6.3 Provider Configuration
A providers table stores the billing mode, primary data source, and any special handling (tiers, free allowances, currency) for each provider. The frontend reads this to choose appropriate card visuals and alert types.
6.4 Alerts
Alerts are stored with:
- Alert type, provider, service, model, project
- Time window (start/end)
- Actual measured value and threshold
- Status:
open,ack,closed - Details (JSONB) with free-form explanation
This table also serves as a risk log for later review.
7. Alert Types
Phase 1 Alerts
-
Cost spike (absolute) -- any rolling 1-hour window where cost exceeds a configurable threshold, per provider and globally.
-
Token explosion (LLMs) -- single request whose
total_tokensexceeds a configured limit (e.g. 128k tokens) or is more than N times the recent median for that project. -
Usage burst -- requests per minute jump above a threshold for a provider or project (e.g. SMS storm, runaway agent loop).
-
Error-rate anomaly -- error percentage over a rolling window exceeds a threshold (e.g. >10% of calls failing), signalling provider issues or bad configs.
Alert Delivery
- Notifications via Reggie (SMS/email) to Brett, Sean, Ami, Richelle.
- Severe alerts may auto-pause a provider key or feature if the provider supports a programmatic stop/pause/rotate.
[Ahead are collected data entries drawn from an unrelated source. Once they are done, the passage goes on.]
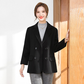2021秋冬新款女风衣毛呢大衣绵羊毛双面呢驼色呢子...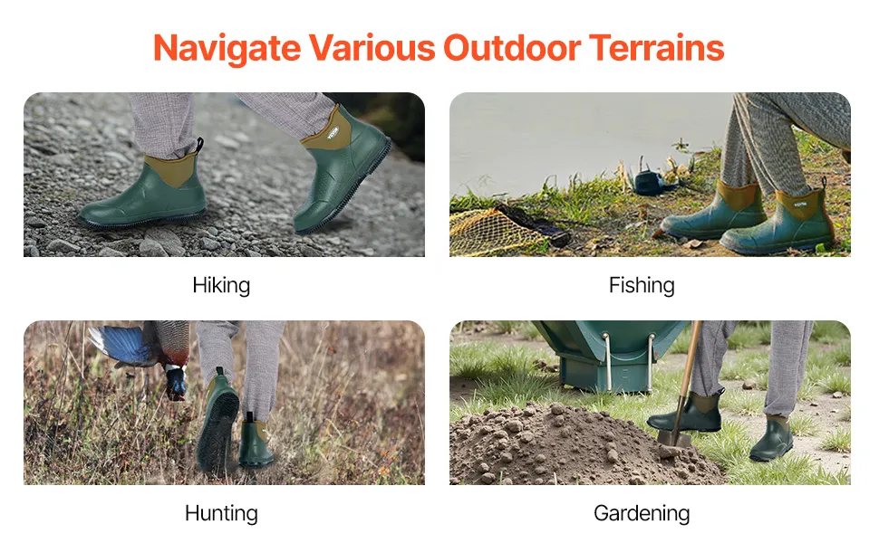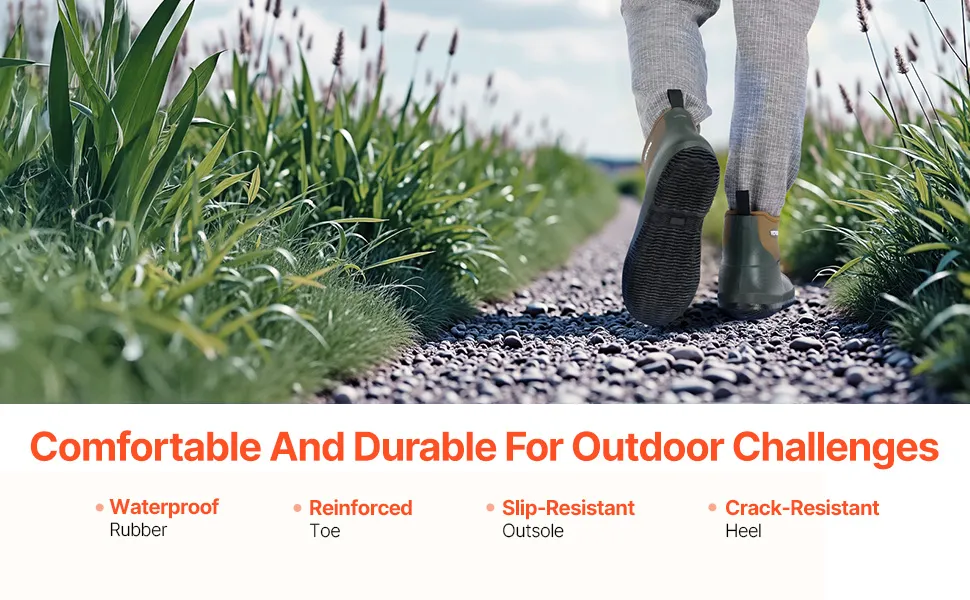 Deze buitenschoenen zijn gemaakt van duurzaam rubber en hebben een antislipzool, een verstevigde neus en een scheurbestendige hak. Hierdoor kunt u moeiteloos de uitdagingen van het buitenleven aan en geniet u tegelijkertijd van een comfortabel en duurzaam gevoel.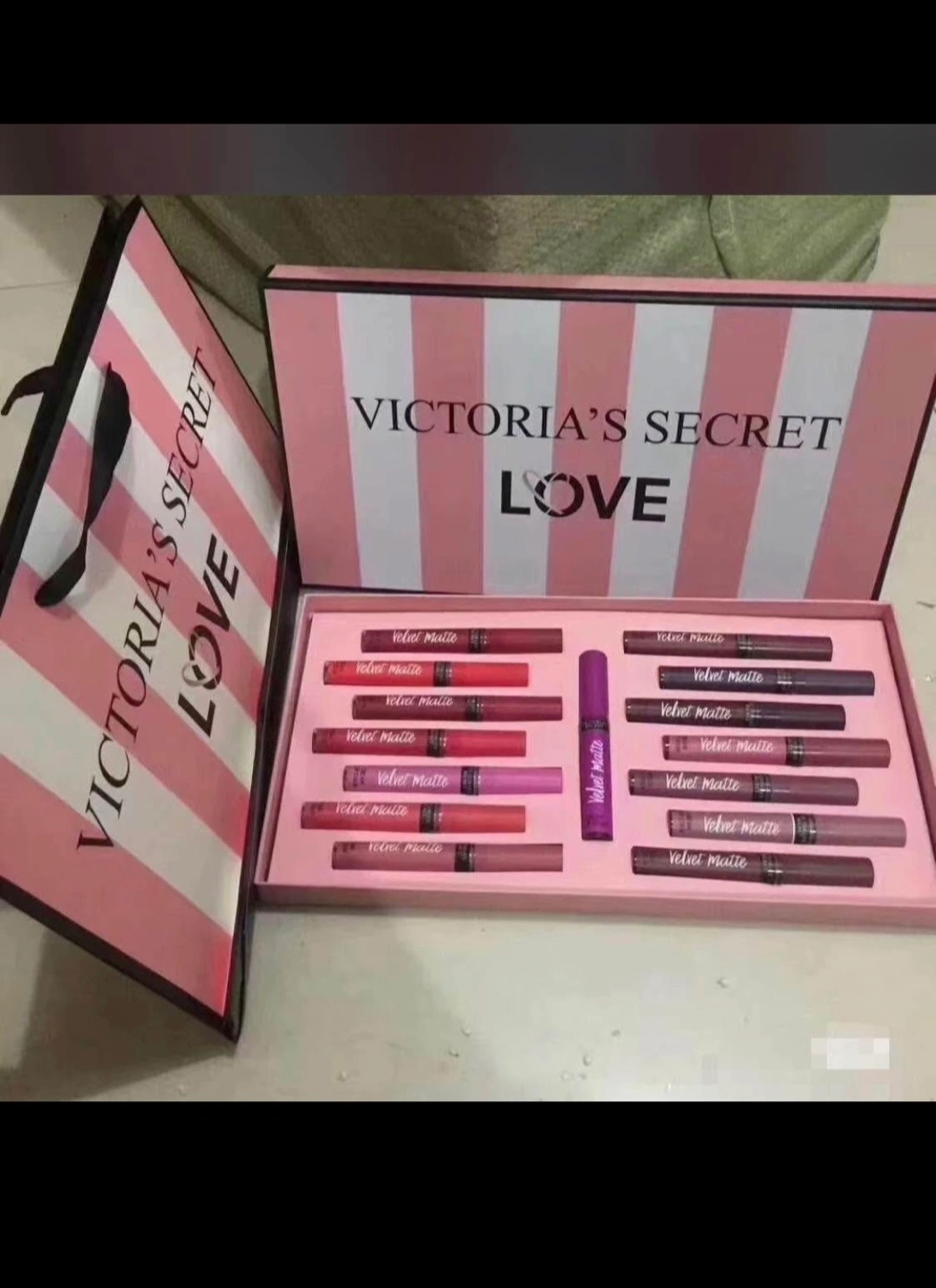 Gift set includes perfume, lipstick, eyeliner, mascara and a makeup brush. All items are in the original box.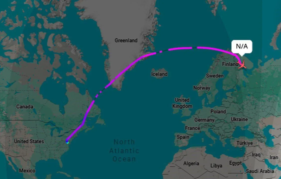 Перед входом в воздушное пространство России лайнер пролетел над Гренландией, Норвегией и Финляндией.

- Alert text explains what was detected, what was done automatically, and how to revert in settings.
Alert Evaluation
A periodic background job (every 5 minutes) scans usage events and provider tables to evaluate alert rules, writes triggered alerts to the alerts table, and dispatches notifications.
8. Frontend Layout
TOKENWATCH lives under Finance in the admin sidebar and should feel like a live monitoring console, not a static report.
8.1 Header and Filters
- Date range selector: Today, Yesterday, Last 7 days, Last month, arbitrary month, calendar year, Australian financial year
- Provider multi-select filter
- Optional project/context filter (feature/agent name)
8.2 Hero Metrics Row
- Total cost (AUD) for the selected period
- Total LLM tokens (input + output)
- Total non-token units (SMS messages, voice minutes, video minutes)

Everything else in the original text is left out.